The CNN issue was fixed when I remembered about the blocked content feature (you forget about it as it runs silently in the background) and wrote a better rule for CNN. However, the clickability issue didn't make me think about blocked content until this morning. Sure enough, at some point in the past I'd added the clickability.com domain to the blocked list and removing it fixed the problem.

Of course some poor tech somewhere is probably wondering about a bug report that he or she can't reproduce. As clickability.com provided an email address I've apologised and briefly explained the situation, though as Opera's bug reporting system is closed to the public I can't add a note and close the bug report so that they don't need to invest time and money trying to fix a non-existent bug.

However, Opera do need to do something about the silence of the blocked content feature as it's not very usable at the moment. For example, the problem with clickability.com would have been apparent immediately had Opera displayed a notice that the page had been blocked, instead of doing absolutely nothing at all. The sidebar panel could have the option of showing what media, if any, had been blocked in the page because of content blocking. Opera have added many new features over the last couple of years, but they do seem to have dropped the ball on usability in the rush to get features out of the door.

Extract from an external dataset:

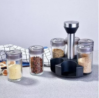 •Gran capacidad: soporte de diseño giratorio, 6 botellas de condimentos, que satisfacen la mayoría de las necesidades de la cocina.

Windows Error Reporting: Recommends Uninstalling Opera

Sat 11th Aug 2007 21:10 BST by Andrew from Frome, U.K.

In the event that Opera crashes, Windows spawns the following web page with some helpful recommendations that user's of non-Internet Explorer browsers might find a little ironic:

Problem caused by Opera's Browser. This problem was caused by Opera's Browser. Opera's Browser was created by Opera Software ASA. Microsoft has been unable to contact the manufacturer and has no further information available at this time. Recommendation. For more information about Opera's Browser, go online to the Opera Software ASA website: Opera Software ASA. If you are unable to fix this problem and continue to receive errors, you can also remove Opera's Browser. How do I uninstall a program in Windows XP?
Helpful advice from Microsoft. Highlighting is mine.